Neste vídeo, Sérgio Viotti lê Amor-pois que é palavra essencial, poema de Drummond presente no livro O Amor Natural. Considerado pornográfico, o livro só foi publicado depois da morte do poeta. Os versos deste poema e de outros do livro preservam uma beleza sutil própria de experiências sexuais verdadeiras, regadas pelo prazer do corpo e pelo diálogo fértil das almas.

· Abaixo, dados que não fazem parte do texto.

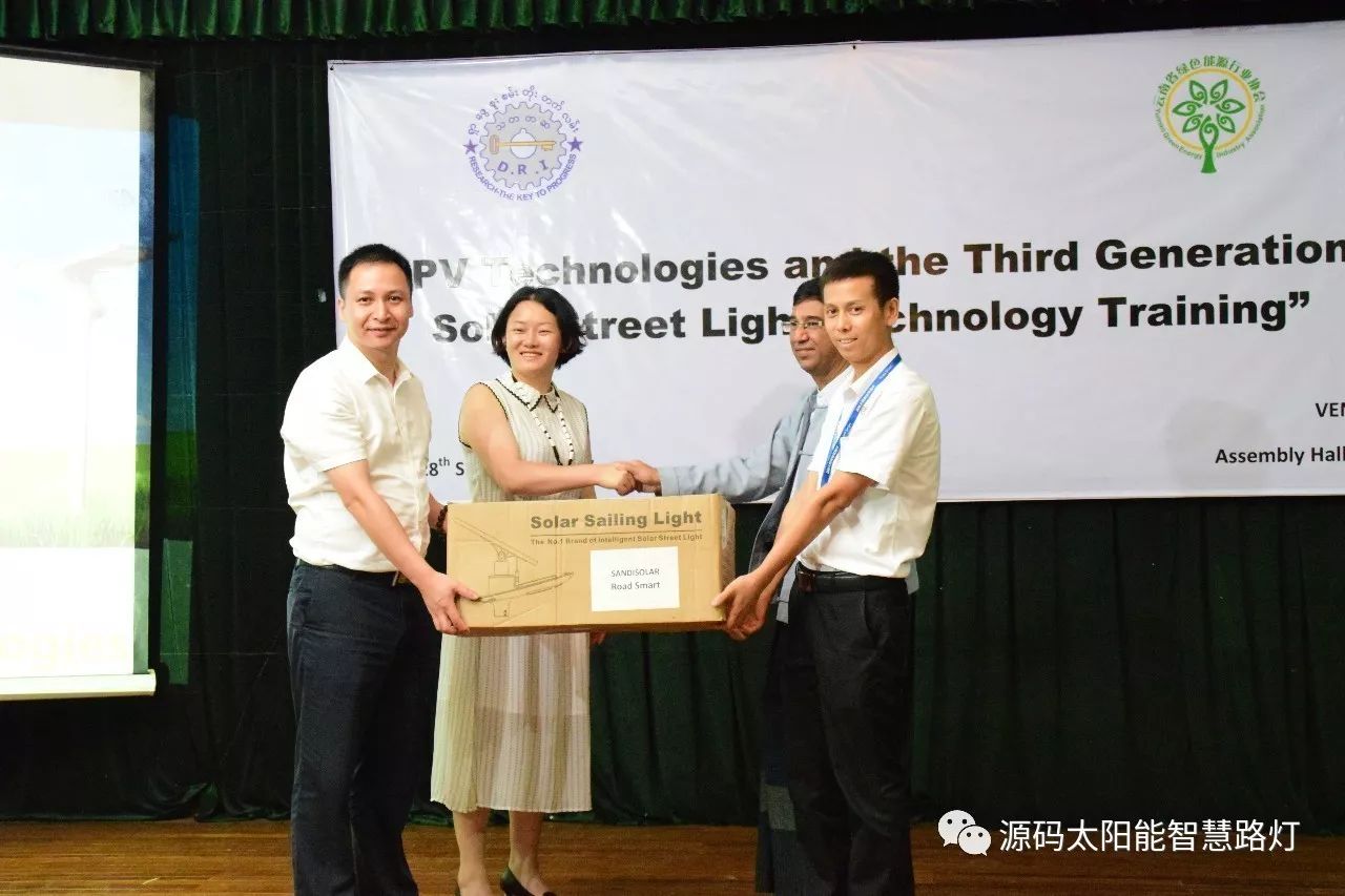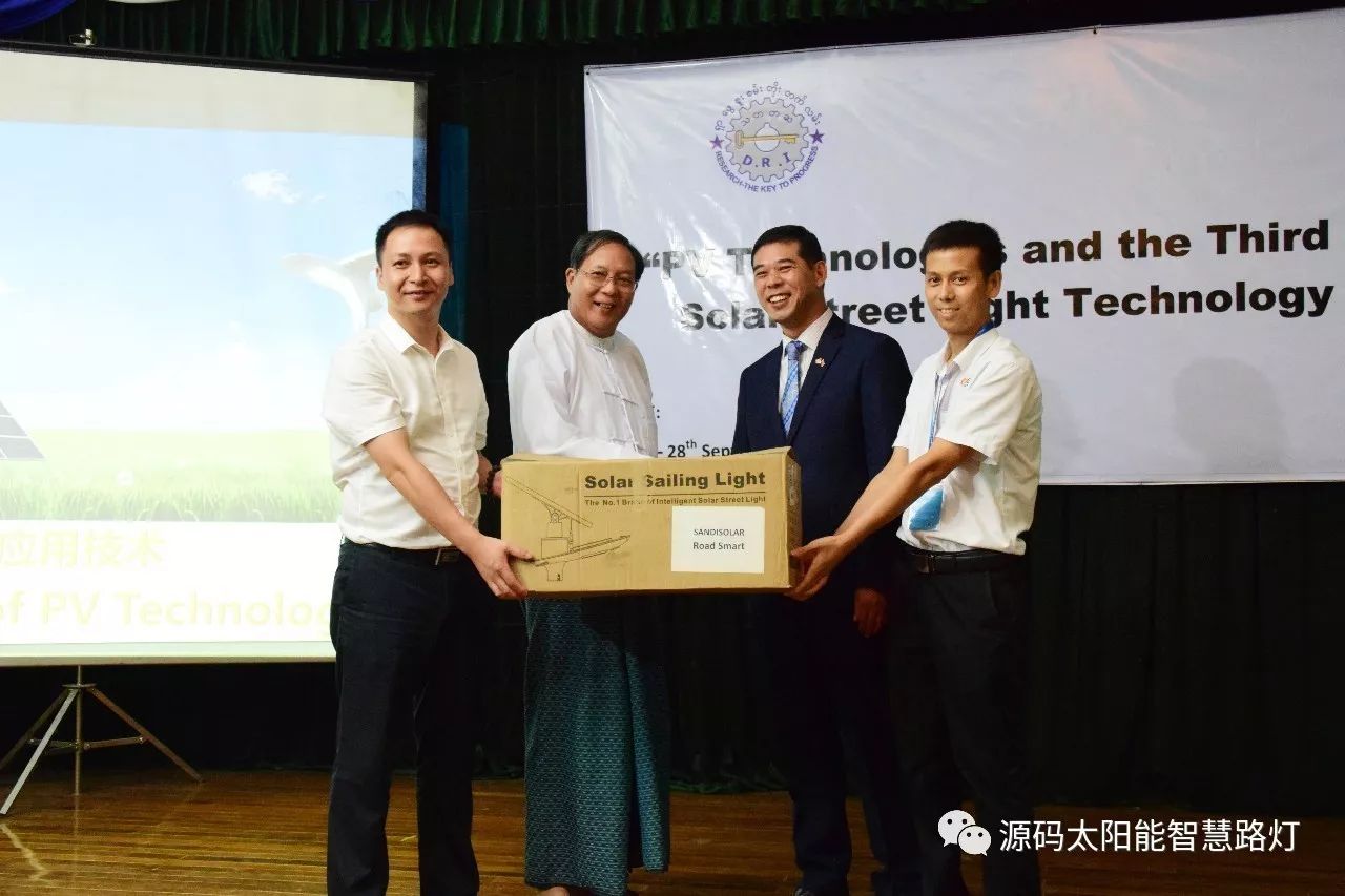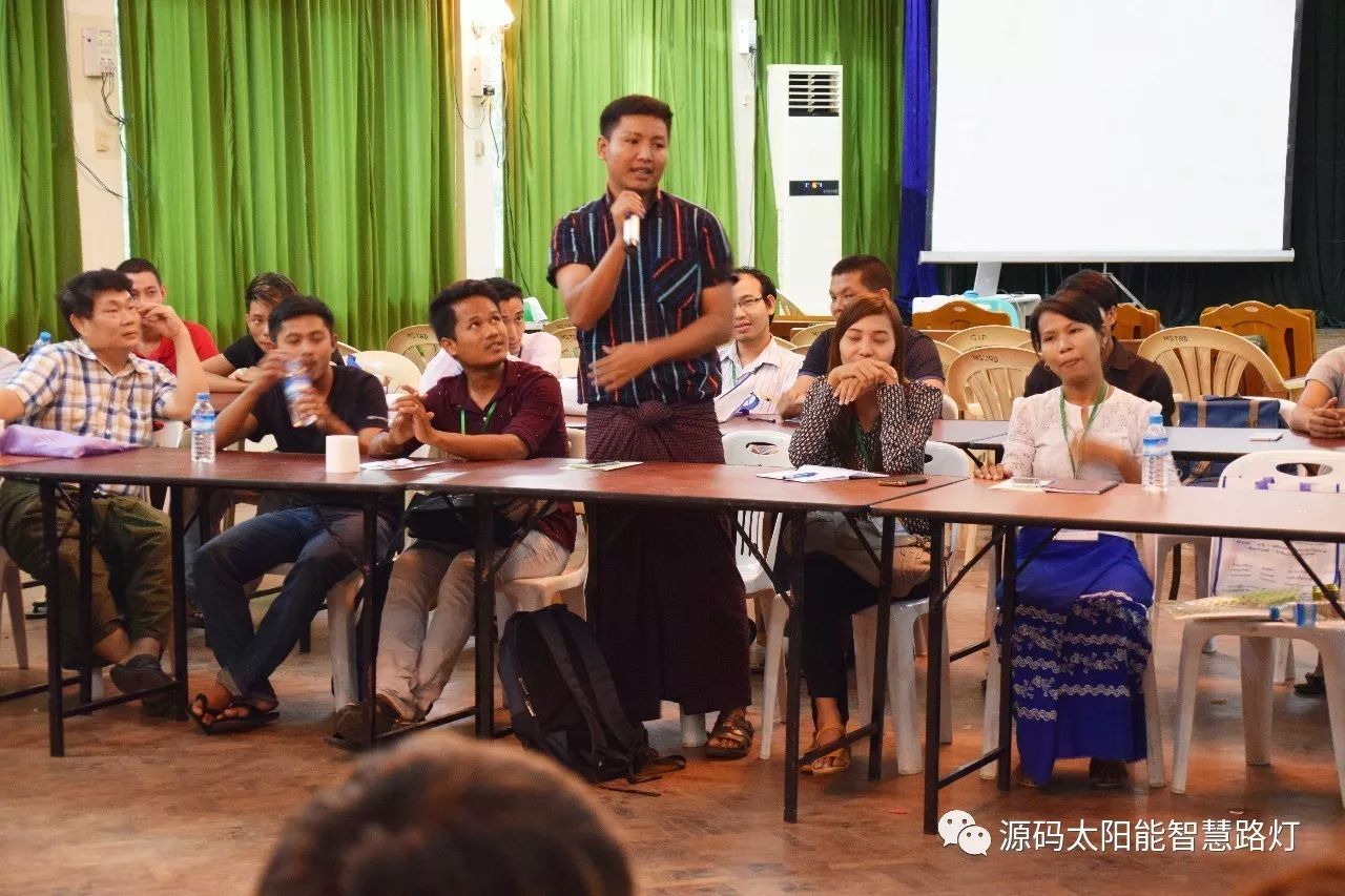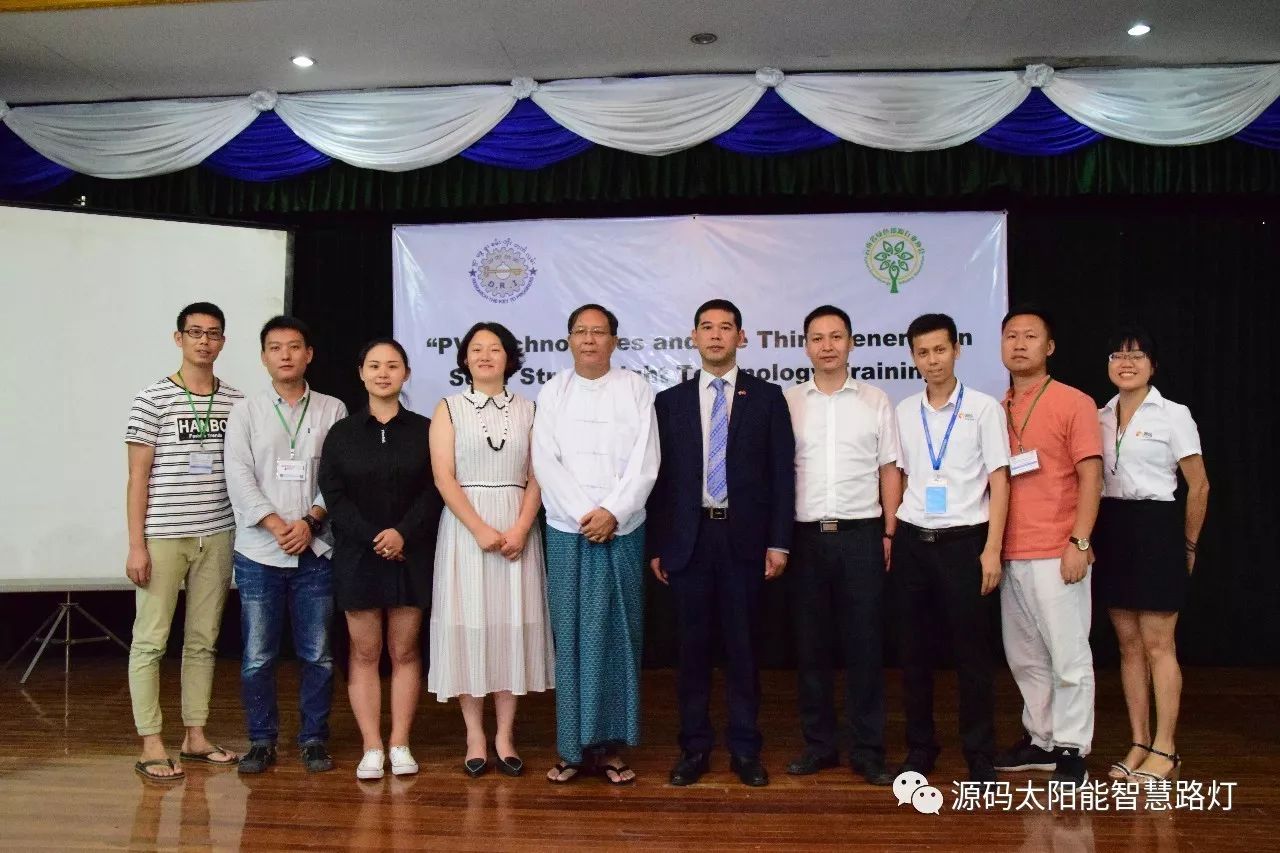 在培训会议后,大家对此次的培训综合内容及取得的效果进行了深入研讨,参与此次培训的能源部、政府部门的相关人员以及大学教授、企业代表都对此次培训会的效果表示满意,也希望以后能有更多的类似的培训会,源码也希望在以后的培训中能够给他们带来更好的效果。研讨会后,中国驻缅甸大使馆领导对本次会议作了总结:对本次培训会议的培训方云南省绿色能源行业协会以及源码太阳能智慧路灯表示感谢,表示此次会议对双方的技术交流学习以及中缅两国友谊的加深都取到了十分良好的效果。接着缅甸教育部科技司司长则亲自向所有通过考试的学员颁发了证书,在颁奖过程中,源码也向缅甸教育部科技司捐赠了两套太阳能智慧路灯。

Amor — pois que é palavra essencial

Amor — pois que é palavra essencial
comece esta canção e tudo a envolva.
Amor guie o meu verso, e enquanto o guia,
Reúna alma e desejo, membro e vulva.

Quem ousará dizer que ele é só alma?
Quem não sente no corpo a alma a expandir-se
até desabrochar em puro grito
de orgasmo, num instante de infinito?

O corpo noutro corpo entrelaçado,
Fundido, dissolvido, volta à origem
Dos seres, que Platão viu contemplados:
é um, perfeito em dois; são dois em um.

Integração na cama ou já no cosmo?
Onde termina o quarto e chega aos astros?
Que força em nossos flancos nos transporta
a essa extrema região, etérea, eterna?

Ao delicioso toque do clitóris,
já tudo se transforma, num relâmpago.
Em pequenino ponto desse corpo,
a fonte, o fogo, o mel se concentram.

Vai a penetração rompendo nuvens
e devassando sóis tão fulgurantes
que nunca a vista humana os suportara
mas, varado de luz, o coito segue.

E prossegue e se espraia de tal sorte
que, além de nós, além da própria vida,
como ativa abstração que se faz carne,
a idéia de gozar está gozando.

E num sofrer de gozo entre palavras,
menos que isto, sons, arquejos, ais,
um só espasmo em nós atinge o clímax:
é quando o amor morre de amor, divino.

Quantas vezes morremos um no outro,
no úmido subterrâneo da vagina,
nessa morte mais suave do que o sono:
a pausa dos sentidos, satisfeita.

Então a paz se instaura. A paz dos deuses,
estendidos na cama, qual estátuas
vestidas de suor, agradecendo
o que a um deus acrescenta o amor terrestre.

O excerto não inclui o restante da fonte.